Commit graph

85 commits

Author SHA1 Message Date
Petr
80c5b902e0 Add scheduled data sync and catalog refresh with systemd timers
- New sync_schedule and profile_after_sync fields in TableConfig
  (formats: "every 15m", "every 1h", "daily 05:00")
- New src/scheduler.py with schedule evaluation logic (is_table_due)
- New --scheduled mode in data_sync.py: only syncs tables that are due,
  respects profile_after_sync flag, auto-restarts webapp after profiling
- Systemd timer+service for data-refresh (every 15 min)
- Systemd timer+service for catalog-refresh (every 15 min)
- deploy.sh enables new timers automatically
- Complete table config reference in data_description.md.example
- 58 new scheduler tests
2026-03-15 02:16:31 +01:00
Petr
d9f3977028 URL-encode FQN in catalog header links (spaces -> %20) 2026-03-15 02:06:22 +01:00
Petr
60039c0af3 Add direct catalog URL to YAML header (metric/table entity links)
Source line now links directly to the entity in OpenMetadata:
- metrics: https://datacatalog.../metric/UniqueVisitors
- tables:  https://datacatalog.../table/bigquery.project.dataset.table
2026-03-15 02:03:27 +01:00
Petr
ab1a93ed67 Strip HTML tags from OpenMetadata descriptions in YAML export
OpenMetadata stores descriptions as rich HTML (<p>, <strong>, &nbsp;, etc.).
Add strip_html() to transformer that converts to clean plain text for YAML
files consumed by Claude Code agent. Applied to metric descriptions, table
descriptions, and column descriptions. Webapp display dict keeps raw HTML
since the modal renders it correctly.
2026-03-15 01:57:04 +01:00
Petr
985f47cdb7 Add catalog export: generate YAML metrics and tables from OpenMetadata
- New `connectors/openmetadata/transformer.py` with shared parsing logic
  for extracting categories, grain, dimensions, expressions from OM tags
- New `src/catalog_export.py` script (python -m src.catalog_export) that
  fetches metrics/tables from OpenMetadata API and writes YAML files to
  /data/docs/metrics/ and /data/docs/tables/ for agent consumption
- Refactor webapp/app.py to delegate to transformer (with inline fallback)
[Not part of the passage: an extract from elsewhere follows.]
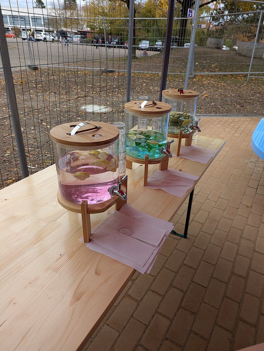 Auch das Projekt wasser^plus OWL war mit einem Aktionsstand vor Ort vertreten. Besucher:innen konnten verschiedene Kreationen aus Leitungswasser probieren, etwa gefärbtes Wasser mit Sirup oder erfrischende Varianten mit Zitrone, Minze oder Rosmarin. Der Stand war stark frequentiert, und die Schülerinnen und Schüler hatten viel Freude daran, die unterschiedlichen Geschmäcker zu entdecken. Dabei machte das Team von wasser^plus OWL auf die Vorteile von Leitungswasser aufmerksam: sauber, nachhaltig, kostengünstig und jederzeit verfügbar. Zusätzlich erhielten die Jugendlichen Einblicke in Berufsperspektiven in der Wasserwirtschaft. So wurde sowohl das Bewusstsein für die Vielfalt und Qualität von Leitungswasser gestärkt als auch das Interesse an möglichen beruflichen Chancen geweckt.
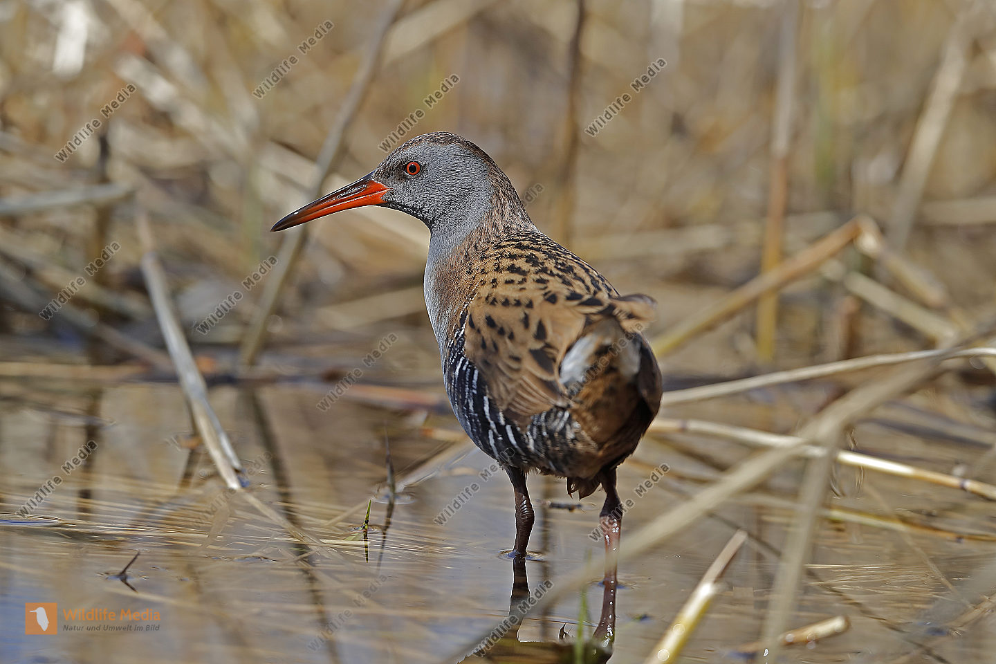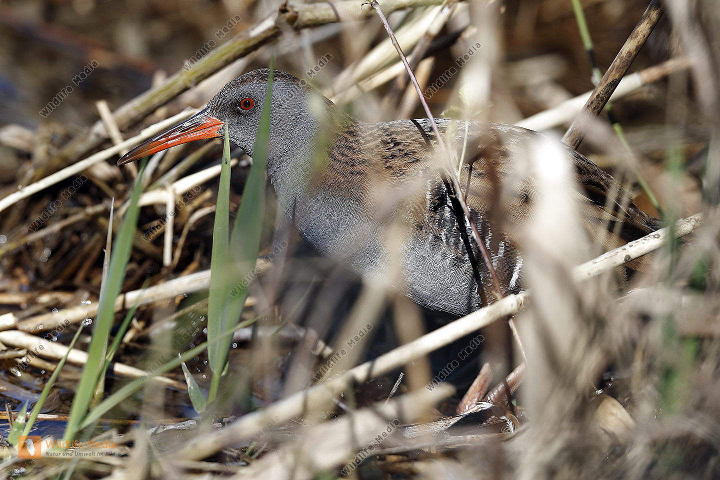 A shy water rail on riverside of Erbach by Beeden/Germany

- Add `fields` parameter to client.get_metrics() and get_metric_by_fqn()
  for fetching tags+owners in a single API call
- Fix pre-existing mock bug in test_openmetadata_enricher (base_url)
- 101 new tests (80 transformer + 21 export), all passing
2026-03-15 01:15:30 +01:00
Petr
e17dd85504 Remove hardcoded Jira/Keboola references from sync_data.sh
- Silent fallback when no sync settings exist (no 'Jira disabled' message)
- Generic dataset exclude/include loop driven by sync_settings.yaml
- Generic cleanup loop for disabled datasets
- Replaces 100+ lines of hardcoded Jira/kbc_telemetry_expert blocks
2026-03-15 01:02:37 +01:00
Petr
49adbe26ec Move server venv setup to bootstrap, remove cross-platform pip freeze sync
Server venv is created during bootstrap via SSH (same package list,
installed natively on Linux). Removes sync_data.sh section that copied
pip freeze output across platforms (Windows/macOS freeze is incompatible
with Linux).
2026-03-15 00:59:45 +01:00
Petr
22a1bb5847 Auto-restart sync_data.sh after self-update (exec replaces process) 2026-03-15 00:53:17 +01:00
Petr
6f9de274fb Fix: CLAUDE.md template vars overwrote $SSH_HOST used by rsync
The CLAUDE.md generation section reused SSH_HOST variable name to store
the server IP, overwriting the SSH alias needed for rsync. Renamed to
TMPL_SSH_ALIAS/TMPL_SERVER_HOST/TMPL_WEBAPP_URL to avoid collision.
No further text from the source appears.